» DIRECTIONS
A faithful copy of the listing below is needed, one that contains no pictures.

» STORED DATA
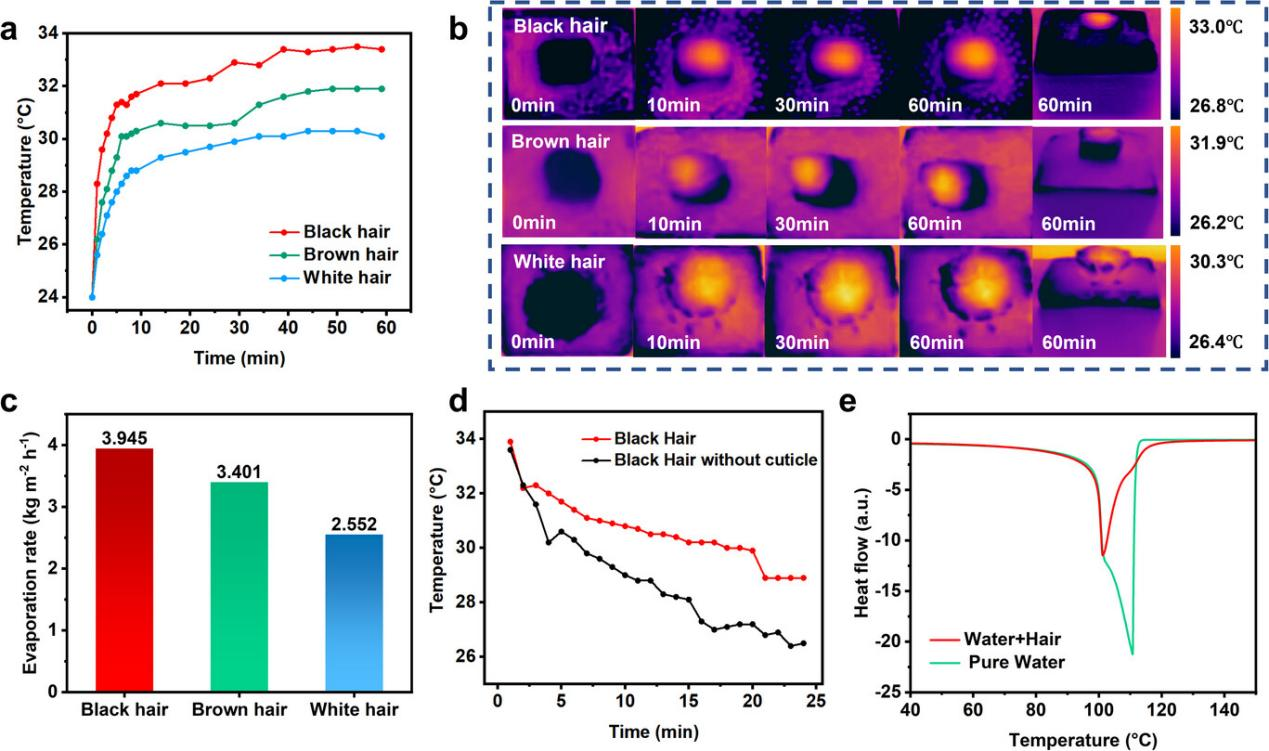 图3.(a) 基于黑发、棕发和白发的蒸发器在1倍太阳光强照射下的温度变化曲线。(b) 黑发、棕发和白发蒸发器照射后的红外热成像图。(c) 15 wt.%盐水中,在1.0 kW m?2光强照射下,黑发、棕发和白发蒸发器的蒸发速率对比(黑发蒸发器的蒸发速率取自图4a中第7小时的蒸发速率)。(d) 完整黑发与去鳞片(无毛鳞片结构)毛发的隔热性能对比。(e) 差示扫描量热法(DSC)分析对比毛发中水与纯水的蒸发焓,突显该头发基系统的节能效应。
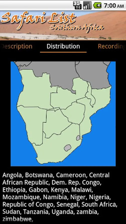 Covering countries from Angola and Zambia south to South Africa, this app allows you to find and identify mammals, record sightings, log GPS locations and take notes.
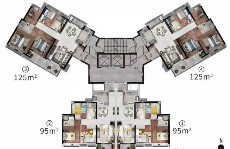 95㎡的三房和125㎡的四房
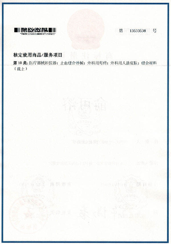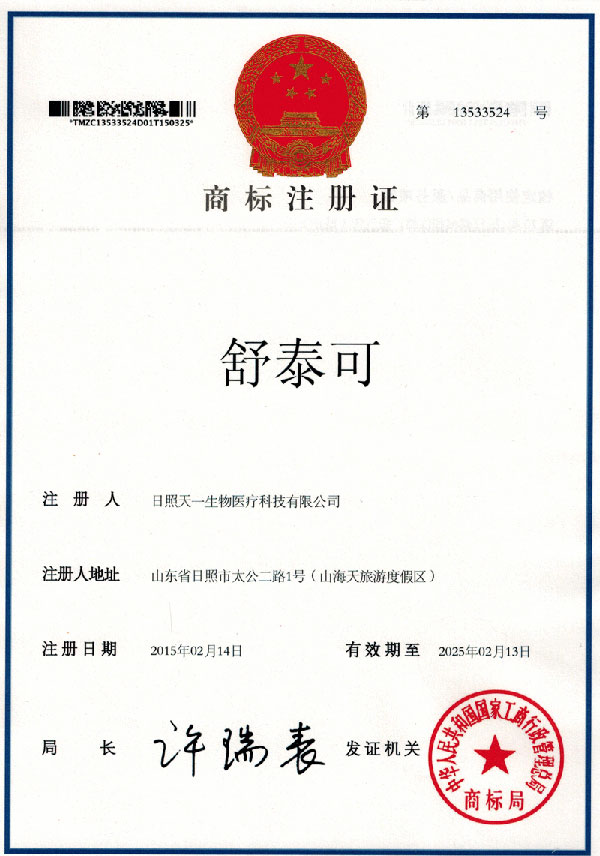 天(tian)一生(sheng)物取(qu)得(de)商(shang)標(biao)註冊證(zheng)
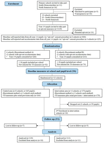 Twelve state-funded primary schools from South Gloucestershire (n = 8 schools) and North Somerset (n = 4 schools) in Southwest England were recruited to the study. The target population for this study were pupils in Year 4 and 5 (aged 8 to 10 years) at the time of the intervention. We aimed to recruit up to 30 children per school.
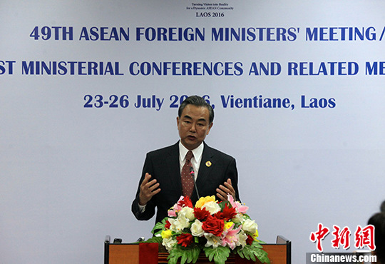 图为王毅在回答记者提问。 中新社记者 张明 摄中新社万象7月25日电 (记者 张明)中国外交部长王毅25日在老挝万象出席中国—东盟外长会议后举行中外媒体吹风会。王毅在回答如何看待有些势力炒作南海仲裁案问题时强调,仲裁案给解决南海争端开出了错误药方,应当退烧降温了。
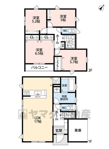 LDK17畳(1F)、洋6.5畳(2F)、洋5.7畳(2F)、洋5.2畳(2F)、和5畳(2F) |
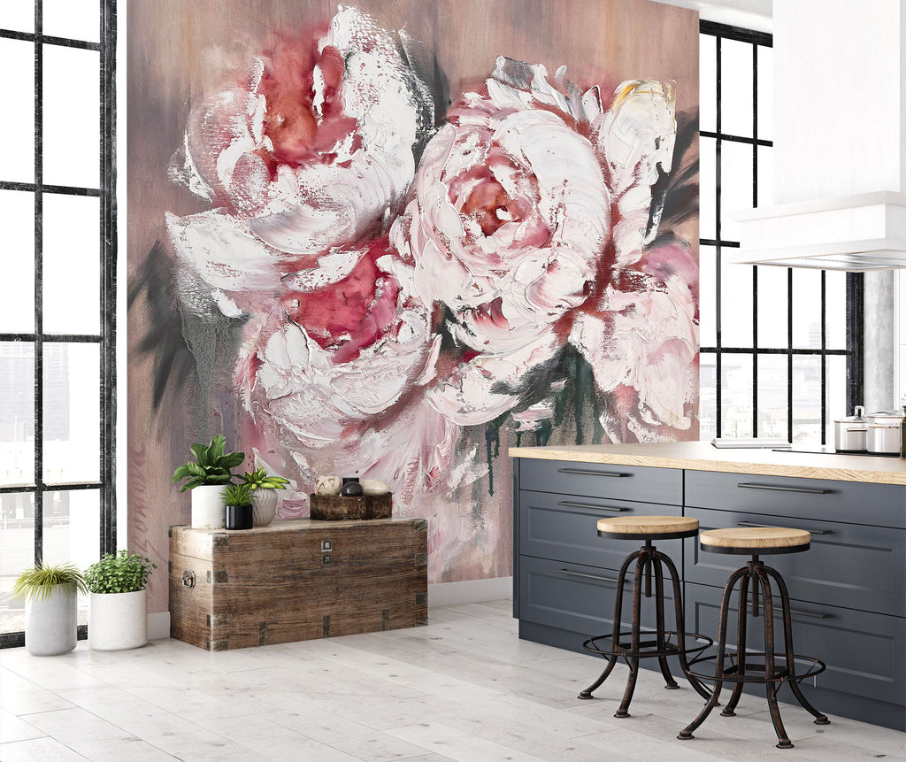This pink painted floral art mural is perfect for creating a feminine and charming atmosphere in any room. The mural features delicate pink flowers and green leaves that evoke a sense of calm and tranquility.
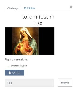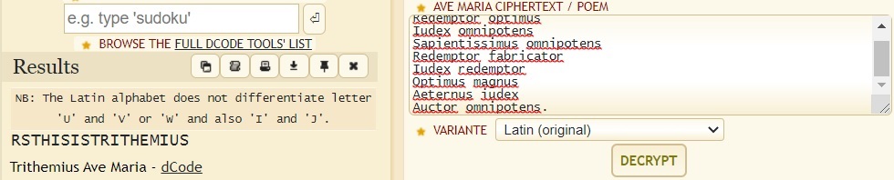 After a short search I saw that it was the *Trithemius Ave Maria* and using the [dcode](https://www.dcode.fr/enigma-machine-cipher) application i got the clear solution to which i added the curly brackets and changed some characters from uppercase to lowercase.
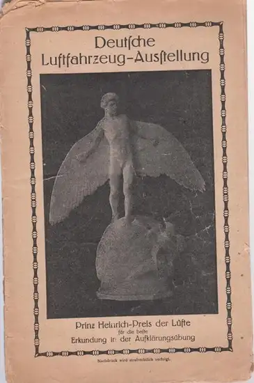 Freie Beschreibung: 22,2 x 14,4 cm. Original-Heft mit Deckblattabbildung ' Prinz Heinrich-Preis der Lüfte für die beste Erkundung in der Aufklärungsübung '. Das Exemplar mit kleineren Randläsionen, die ersten zwei Blatt und das hintere Deckblatt lose. 30, (2) Seiten mit einfarbigen Abbildungen und Auflistung und Beschreibung von 200 Positionen (Freiballone, Luftschiffe, Flugmaschinen, Wasserflugzeuge u.a.). Die letzten 2 Blatt mit einer Übersicht von Parseval-Luftschiffen (fertig oder im Bau befindlich)
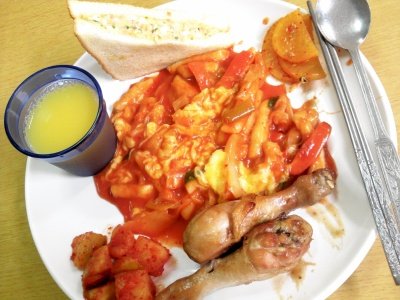 떡볶이그라탕/샌드위치/닭다리데리야끼/오렌지쥬스/단무지
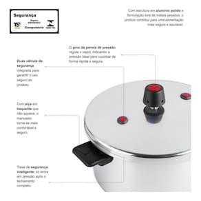 Feita em alumínio, nossa panela de pressão possui travas na tampa para vedação completa e duas válvulas adicionais para saída de pressão em caso de obstrução da válvula principal, o que proporciona maior segurança e tranquilidade para você durante o uso. Certificada pelo INMETRO, trabalha sob pressão de 80 Kpa, acima da média de outras panelas, fazendo com que o seu alimento cozinhe muito mais rápido!Seu modelo de fechamento externo facilita na hora de abrir e fechar, sem o risco de a tampa entrar em contato com o alimento. Além de tudo isso, possui um design lindo!
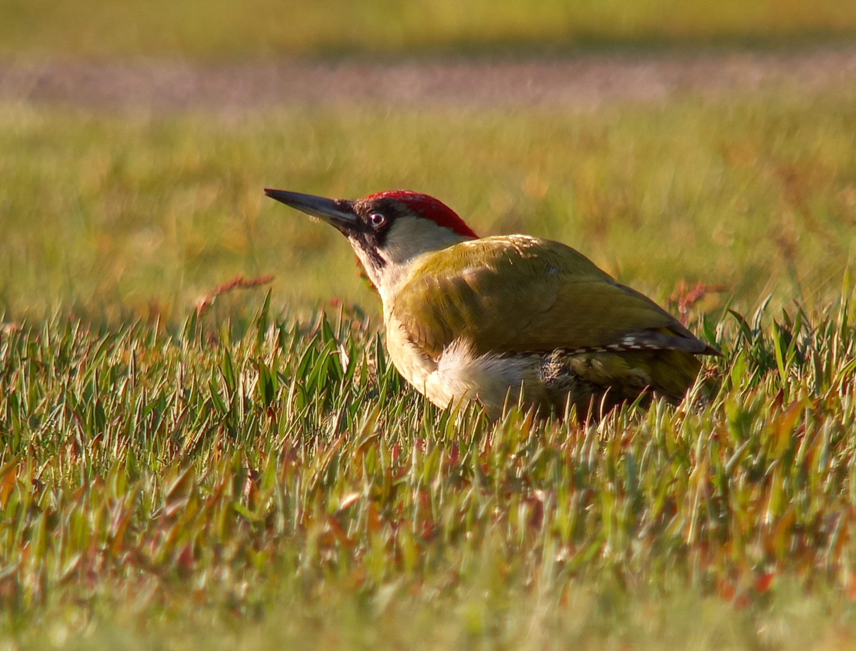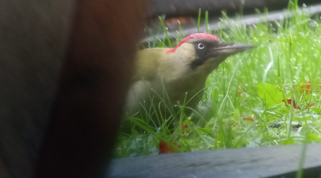 We zoeken vervolgens vergeefs naar groene specht, een schitterende maar schuwe soort om vast te leggen. Deze soort komt algemeen voor in Beetsterzwaag, maar laat zich vandaag niet vinden. Zelfs een lachende roep van deze felgekleurde specht is ons tijdens de zoektocht niet gegund. Pas aan het einde van de middag, als Folkert Jan alweer thuis is, hoor ik vanuit huis een groene specht roepen. Ik hoorde al vaak een groene specht vanuit huis, maar de desbetreffende vogel in beeld krijgen bleef een uitdaging. Pas 2 keer zag ik een vogel mooi foerageren in de tuin, een grasveldje met daaromheen veel bomen en struiken. Verder zag ik kortstondig eenmaal een groene specht zitten in een acaciaboom. Elders in Beetsterzwaag had ik dit eerder dit jaar meer succes. Op een mooie ochtend vond ik een vogel op een grasveldje met wat bomen die zich fantastisch mooi liet benaderen en bewonderen.
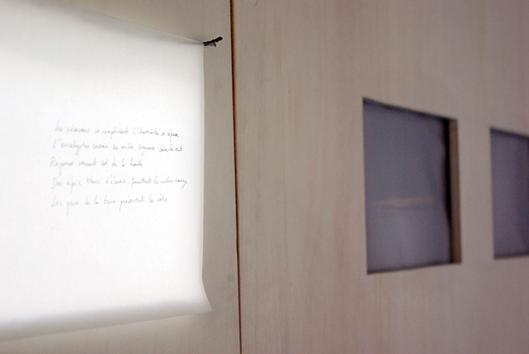 Mars 2018 - je pose mes valises à Ile Rousse pour quelques mois. Je m’oriente à partir du sémaphore de l’île en différents lieux d’observations, canaux de communication, zones d’enregistrements du paysage, de l’activité humaine et des mesures climatologiques. Prises de notes, images et rencontre avec un "veilleur des yeux de la terre"* en résultent. L’horizon s’inverse, le ciel se déplace. Pour cette invitation au J1, parcelle si proche de la mer, c’est une chambre de veille que je propose, où le paysage local répond à ces captations insulaires, jour après jour, tantôt déposées fraîches et vivantes sur le papier, tantôt ancrées dans la porcelaine.
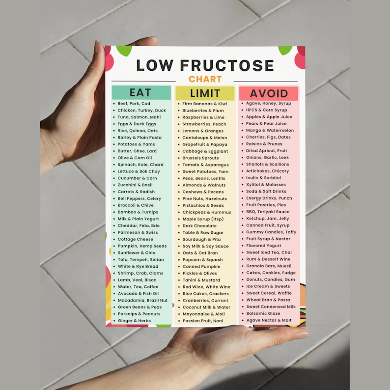 Low Fructose Food List Printable | Low Fructose & Low Sugar Diet Chart ...
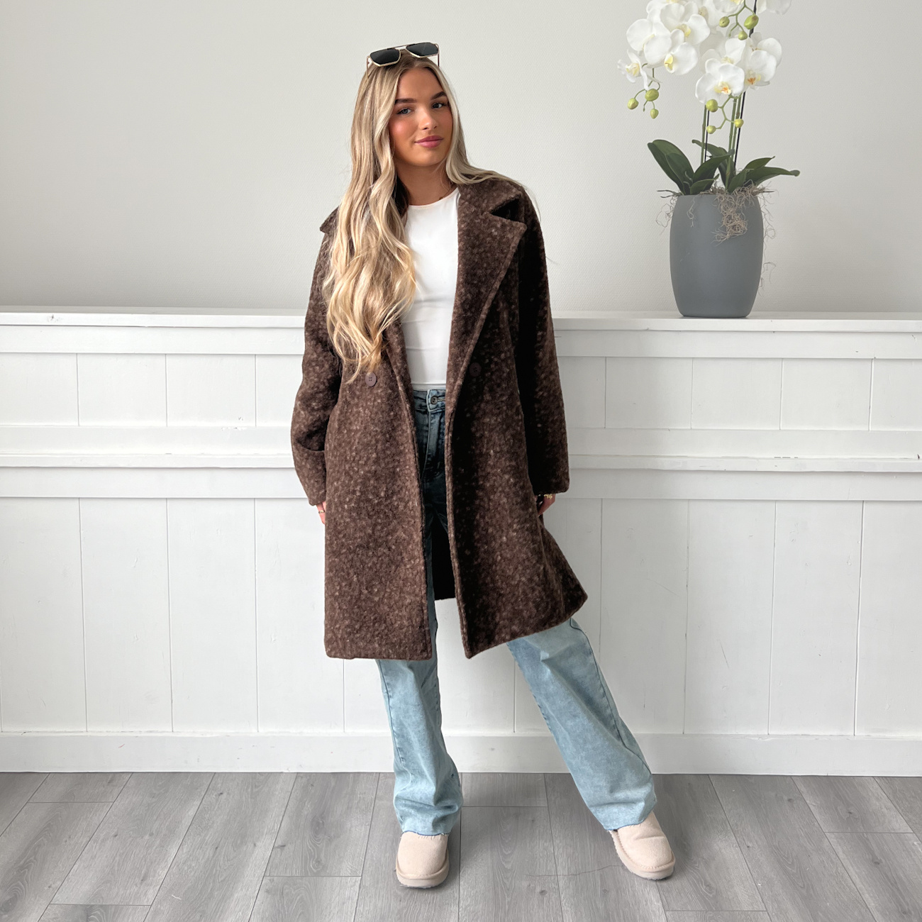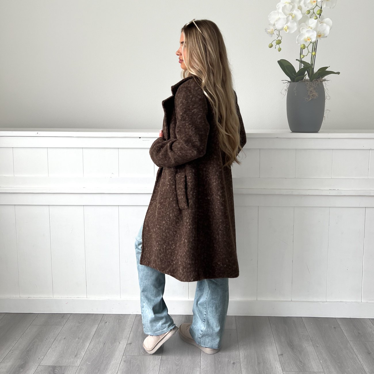 Super mooie stoffen mantel jas met lichte stipjes. De jas heeft twee steekzakken en een knoop waarmee je hem dicht kunt dragen.

» RESULT FOR THIS TASK
 图3.(a) 基于黑发、棕发和白发的蒸发器在1倍太阳光强照射下的温度变化曲线。(b) 黑发、棕发和白发蒸发器照射后的红外热成像图。(c) 15 wt.%盐水中,在1.0 kW m?2光强照射下,黑发、棕发和白发蒸发器的蒸发速率对比(黑发蒸发器的蒸发速率取自图4a中第7小时的蒸发速率)。(d) 完整黑发与去鳞片(无毛鳞片结构)毛发的隔热性能对比。(e) 差示扫描量热法(DSC)分析对比毛发中水与纯水的蒸发焓,突显该头发基系统的节能效应。
 Covering countries from Angola and Zambia south to South Africa, this app allows you to find and identify mammals, record sightings, log GPS locations and take notes.
 95㎡的三房和125㎡的四房
 天(tian)一生(sheng)物取(qu)得(de)商(shang)標(biao)註冊證(zheng)
 Twelve state-funded primary schools from South Gloucestershire (n = 8 schools) and North Somerset (n = 4 schools) in Southwest England were recruited to the study. The target population for this study were pupils in Year 4 and 5 (aged 8 to 10 years) at the time of the intervention. We aimed to recruit up to 30 children per school.
 图为王毅在回答记者提问。 中新社记者 张明 摄中新社万象7月25日电 (记者 张明)中国外交部长王毅25日在老挝万象出席中国—东盟外长会议后举行中外媒体吹风会。王毅在回答如何看待有些势力炒作南海仲裁案问题时强调,仲裁案给解决南海争端开出了错误药方,应当退烧降温了。
 LDK17畳(1F)、洋6.5畳(2F)、洋5.7畳(2F)、洋5.2畳(2F)、和5畳(2F) |
This pink painted floral art mural is perfect for creating a feminine and charming atmosphere in any room. The mural features delicate pink flowers and green leaves that evoke a sense of calm and tranquility.
 After a short search I saw that it was the *Trithemius Ave Maria* and using the [dcode](https://www.dcode.fr/enigma-machine-cipher) application i got the clear solution to which i added the curly brackets and changed some characters from uppercase to lowercase.
 Freie Beschreibung: 22,2 x 14,4 cm. Original-Heft mit Deckblattabbildung ' Prinz Heinrich-Preis der Lüfte für die beste Erkundung in der Aufklärungsübung '. Das Exemplar mit kleineren Randläsionen, die ersten zwei Blatt und das hintere Deckblatt lose. 30, (2) Seiten mit einfarbigen Abbildungen und Auflistung und Beschreibung von 200 Positionen (Freiballone, Luftschiffe, Flugmaschinen, Wasserflugzeuge u.a.). Die letzten 2 Blatt mit einer Übersicht von Parseval-Luftschiffen (fertig oder im Bau befindlich)
 떡볶이그라탕/샌드위치/닭다리데리야끼/오렌지쥬스/단무지
 Feita em alumínio, nossa panela de pressão possui travas na tampa para vedação completa e duas válvulas adicionais para saída de pressão em caso de obstrução da válvula principal, o que proporciona maior segurança e tranquilidade para você durante o uso. Certificada pelo INMETRO, trabalha sob pressão de 80 Kpa, acima da média de outras panelas, fazendo com que o seu alimento cozinhe muito mais rápido!Seu modelo de fechamento externo facilita na hora de abrir e fechar, sem o risco de a tampa entrar em contato com o alimento. Além de tudo isso, possui um design lindo!
 We zoeken vervolgens vergeefs naar groene specht, een schitterende maar schuwe soort om vast te leggen. Deze soort komt algemeen voor in Beetsterzwaag, maar laat zich vandaag niet vinden. Zelfs een lachende roep van deze felgekleurde specht is ons tijdens de zoektocht niet gegund. Pas aan het einde van de middag, als Folkert Jan alweer thuis is, hoor ik vanuit huis een groene specht roepen. Ik hoorde al vaak een groene specht vanuit huis, maar de desbetreffende vogel in beeld krijgen bleef een uitdaging. Pas 2 keer zag ik een vogel mooi foerageren in de tuin, een grasveldje met daaromheen veel bomen en struiken. Verder zag ik kortstondig eenmaal een groene specht zitten in een acaciaboom. Elders in Beetsterzwaag had ik dit eerder dit jaar meer succes. Op een mooie ochtend vond ik een vogel op een grasveldje met wat bomen die zich fantastisch mooi liet benaderen en bewonderen.
 Mars 2018 - je pose mes valises à Ile Rousse pour quelques mois. Je m’oriente à partir du sémaphore de l’île en différents lieux d’observations, canaux de communication, zones d’enregistrements du paysage, de l’activité humaine et des mesures climatologiques. Prises de notes, images et rencontre avec un "veilleur des yeux de la terre"* en résultent. L’horizon s’inverse, le ciel se déplace. Pour cette invitation au J1, parcelle si proche de la mer, c’est une chambre de veille que je propose, où le paysage local répond à ces captations insulaires, jour après jour, tantôt déposées fraîches et vivantes sur le papier, tantôt ancrées dans la porcelaine.
 Low Fructose Food List Printable | Low Fructose & Low Sugar Diet Chart ...
 Super mooie stoffen mantel jas met lichte stipjes. De jas heeft twee steekzakken en een knoop waarmee je hem dicht kunt dragen.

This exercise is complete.